Hematology Case Study
Hematology Case Study

Hematology Case Study

Henry Jackson Case Study
Using the information from the following case study, answer the questions in an APA formatted paper. APA includes in text citations for any information that is not common knowledge. Included should be a cover page, headings, full English paragraphs, and a correctly formatted APA reference page. The information should be summarized from the resources and not directly quoted. Font, font size, and margin information can be found in the nursing handbook.

Henry Jackson is a 46-year-old man diagnosed with non-Hodgkin lymphoma (NHL) 4 months ago. He finished receiving his third of six chemotherapy courses 5 days ago. Yesterday morning, he was seen at the oncology office for malaise, muscle weakness, and palpitations. He had splenomegaly on examination. A computed tomography (CT) scan of the abdomen showed metastatic disease in the liver and spleen. He is admitted to the hospital with progressive disease. He is accompanied by his husband and their 2 sons age 13 and 15.
Lab work is as follows:
Na 136 mEq/L
K 6.1 mEq/L
Cl 97 mEq/L
CO2 28 mEq/L
Glucose 98 mg/dL
Blood urea nitrogen (BUN) 54 mg/dL
Creatinine 2.7 mg/dL
Ca 6.3 units/L
Total protein 5.4 g/dL
Albumin ) 2.8 g/dL
Phosphorus 4.8 mg/dL
Uric acid 20.7 mg/dL
Total bilirubin 0.8 mg/dL
Alkaline phosphatase 172 units/L
Aspartate transaminase (AST) 254 units/L
Alanine transaminase (ALT) 74 units/L
Lactate dehydrogenase (LDH) 214 IU/L
1. Interpret Mr.
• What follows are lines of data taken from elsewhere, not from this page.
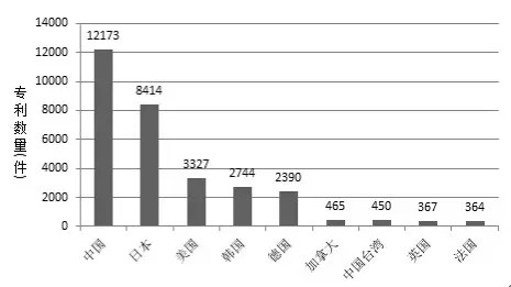 图2 主要国家和地区专利数量分布,美编:专利数量/件
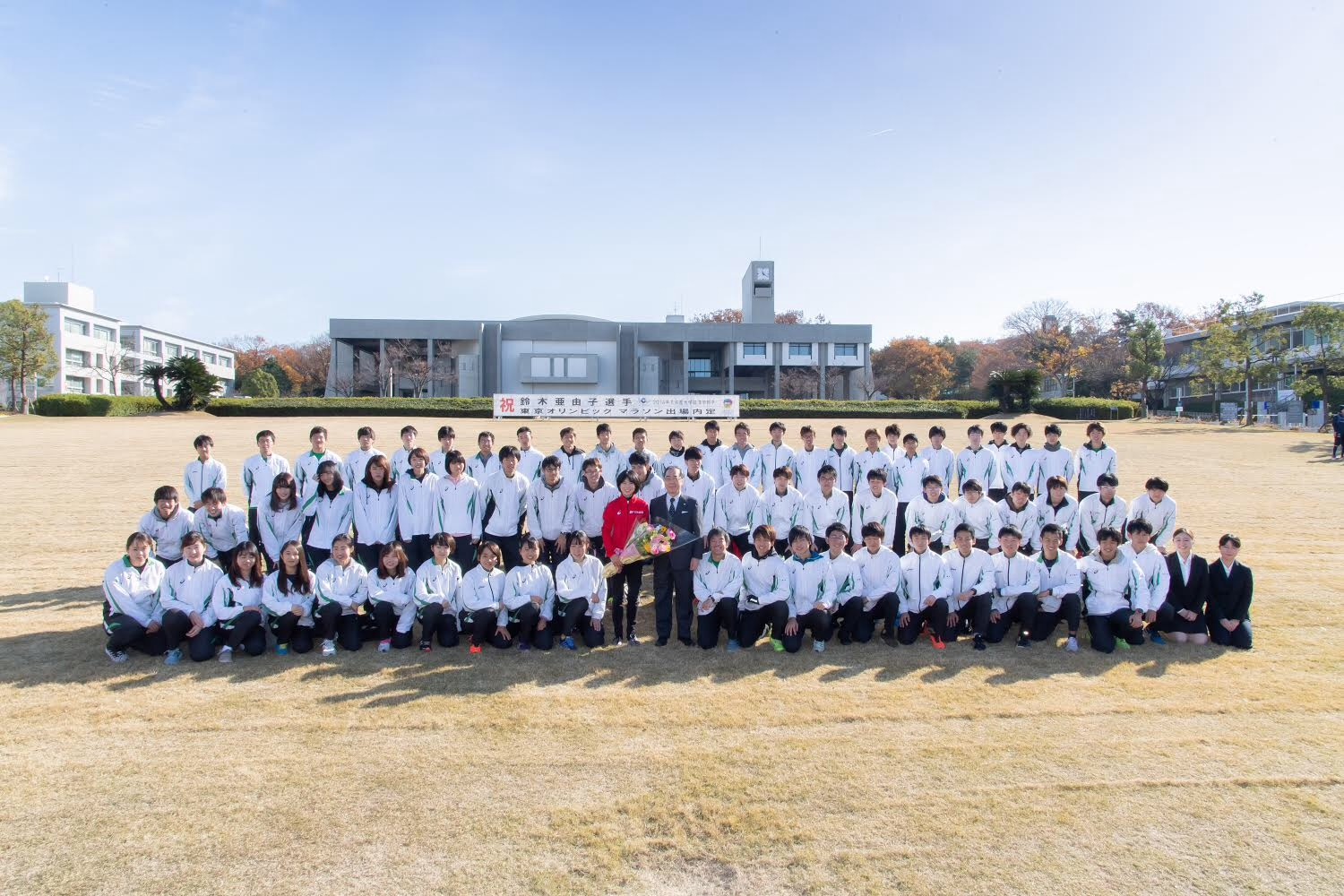 12/15(日)に名古屋大学経済カンファレンスホールでH26年度卒のOGの鈴木亜由子さんの壮行会が行われました。鈴木亜由子さんは9/15(日)に行われたMGCで2位に入り、東京オリンピックの女子マラソンの日本代表に内定されています。壮行会には松尾清一総長や元監督の金尾洋治氏、経済学部のOB会であるキタン会の鈴木武会長、JP日本郵政グループ女子陸上部監督の髙橋昌彦氏も出席されました。
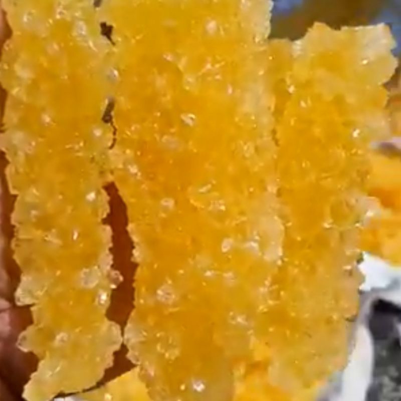 Gula batu berwarna kuning, gula tidak menggunakan bahan kimia. Gula lebih berkualitas, sedikit aja dikonsumsi rasa sudah sangat manis.
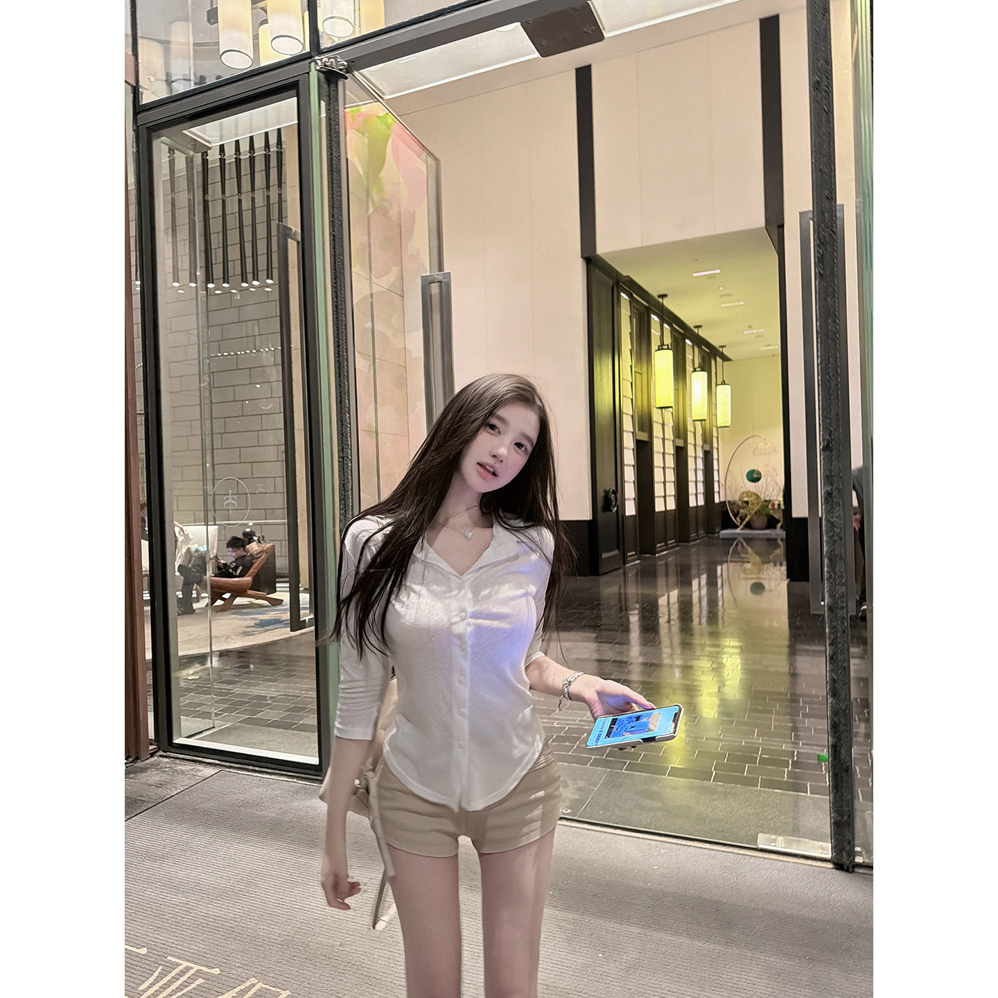 若语定制 白女松弛 70雪花棉微透中袖衬衫纯欲气质性感上衣女衬衣
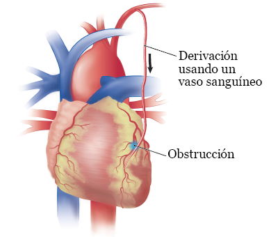 La cirugía de derivación coronaria consiste en ayudar a la sangre a eludir (evitar) una obstrucción. Durante la cirugía, su proveedor de cuidados de la salud unirá un vaso sanguíneo de otra parte del cuerpo a la arteria coronaria. En general, se trata de un vaso sanguíneo del brazo o la pierna. La colocarán por encima y por debajo de la obstrucción para que la sangre pueda rodearla (véase la figura 5).
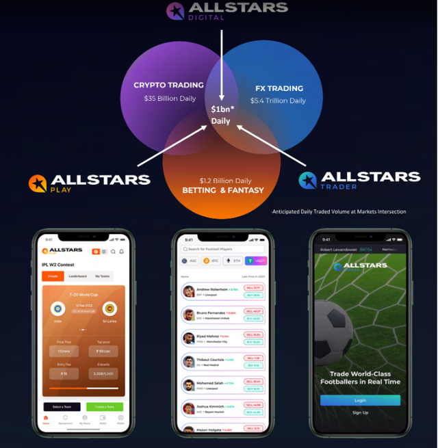 AllStars Digital has alot of potential as explained above. The obvious advantage is that It is the maiden sport company that has come up with the innovative idea of building the globe’s first digital sports exchange embedded in performance trading assets. Below is a comparison of the three major and popular financial industries and their daily volume. You can see where the Betting and Fantasy resides among the trio. It is a $1.2 Billion Daily trade volume genre. It is huge yet the smallest among the trio, the Betting and Fantasy industry has alot of potential and would be a force to be reckoned with in the nearest future.
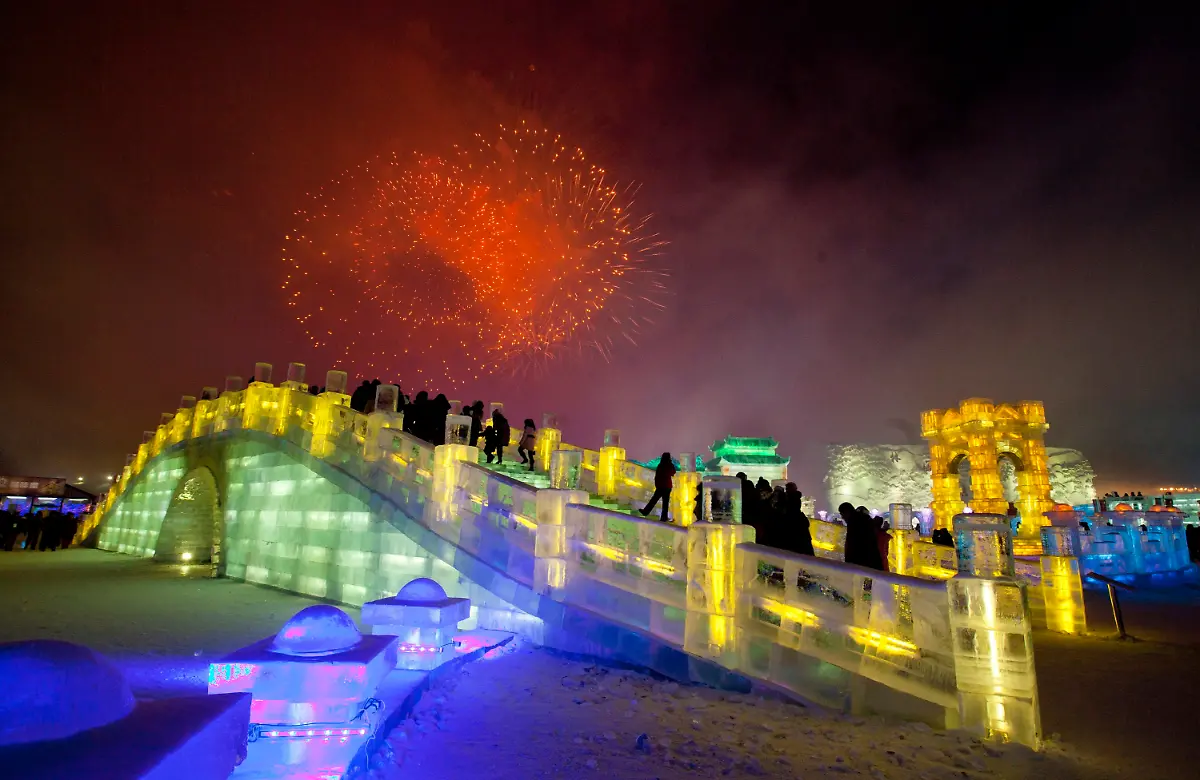 Jedes Jahr im Winter findet im chinesischen Harbin das Eis- und Schnee-Festival statt, bei dem aus Tonnen von Schnee und Eis riesige Skulpturen entstehen. Nachts werden diese auch noch farbig beleuchtet - das kann man kitschig finden oder zauberhaft. Auf jeden Fall zieht das Festival jährlich Hunderttausende Touristen an.
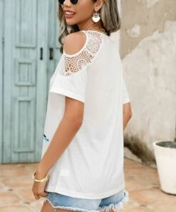 Top 10 ๐ Romantichut White & Pink Flower & Bird Lace Cutout-Shoulder Top – ๐ฉ Women โจ
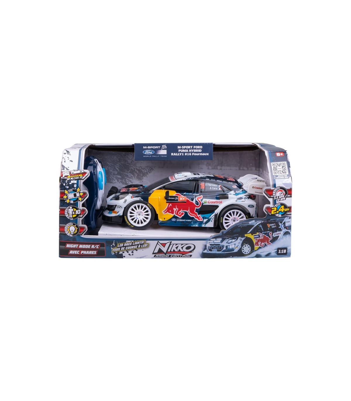 Coche radio control réplica oficial A Fourmaux, escala 1:18. Funciones completas, adelante, atrás, izquierda, derecha y luces. Radio frecuencia 2,4 GHz, multi banda. Recomendado a partir de 6 años. Requiere Baterías.

Jackson’s admitting BMP panel and fully discuss. Your interpretation should convey a good understanding of the material.
2. Based on these values, which common oncologic emergency is Mr. Jackson experiencing?
3. Describe the pathophysiology of this condition.
4. What assessment other findings would you expect in Mr. Jackson?
5. Your institution uses electronic charting. Based on the assessment described, document your findings by providing a narrative note organized into the following areas: ? Neurologic ? Respiratory ? Cardiovascular ? Gastrointestinal ? Psychosocial
The Complete Blood Count (CBC) is now available:
White blood cells (WBCs) 1500/mm3
Neutrophils 66%
Lymphocytes 16%
Monocytes 15%
Eosinophils 5%
Hemoglobin (Hgb) 8.3 g/dL
Hematocrit (Hct) 23%
Platelets 21,000/mm3 (21 x 109 /L)

6. Based on his lab values, identify and discuss at least three additional problems for which Mr. Jackson is at risk. Provide sourced and referenced rationale
7. Discuss your nursing priorities? Provide sourced and referenced rationale
8. Discuss what would indicate that Mr. Jackson is improving. Provide sourced and referenced rationale to support the discussion.
9. Discuss and provide sourced and referenced rationale on the deeds of the family and how to support the family members.
10. Develop a complete nursing care plan for his discharge needs. You do not have to include the evaluation phase.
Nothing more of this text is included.